I think the role of physical buildings will change dramatically. The role of patients in being part of the choices and the decision making in their care, continues to enhance.

Since Covid, we’ve all got a lot more interested in what’s happening in our bodies, what goes into our bodies? What illnesses are we at risk of? How do we take personal accountability for care, prevention of getting poorly in the first place. Proactive management.

I think we will see a more empowered public patient pool, which I think will be interesting to see how we as an industry evolve our views on disclosing and sharing scientific information outside of healthcare professionals. I think we are going to, at some point, have to have that conversation again.

We are on a huge journey actually. But I do think that we are going to become more accessible, and much more agile.

We are so slow still. We’ve got a big role to play in getting more customer and patient centric in how we deliver and disseminate information in my opinion.

I think we just embrace it, right? I think we set the vision, we say this is the world we’re in, we’ve got to get on board. You look at any other industry and it’s fully possible. We just have to get over ourselves. I think we we’re so entrenched, particularly the UK, so entrenched in process and regulation that we don’t see the wood for the trees in terms of innovation.

Liv: Thank you so much, Deb. It’s been really good to speak to you.

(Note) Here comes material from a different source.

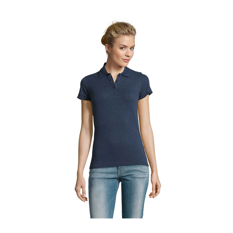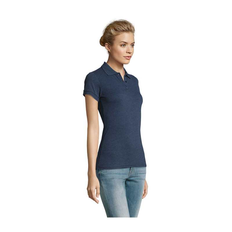 SOL'S PERFECT Pólo SENHORA 180g/m², piqué 180, 100% algodão penteado ringpun, canelado 1x1 na gola e parte inferior das mangas, fita de reforço na gola, mangas curtas, 2 botões perolados na mesma cor de plaquetas, botão suplente inserido no interior, costuras laterais.

In an industry where very few people stay in the same company for their whole career it was refreshing to speak to someone still so clearly passionate and dedicated after nearly 20 years in one organisation. It’s not hard to see why GSK have invested in Deb, the passion and excitement she holds for the work we do and her part in making a better world for patients is utterly inspiring. I am left with no doubt that someone with such determination and drive will fulfil her dream of living abroad!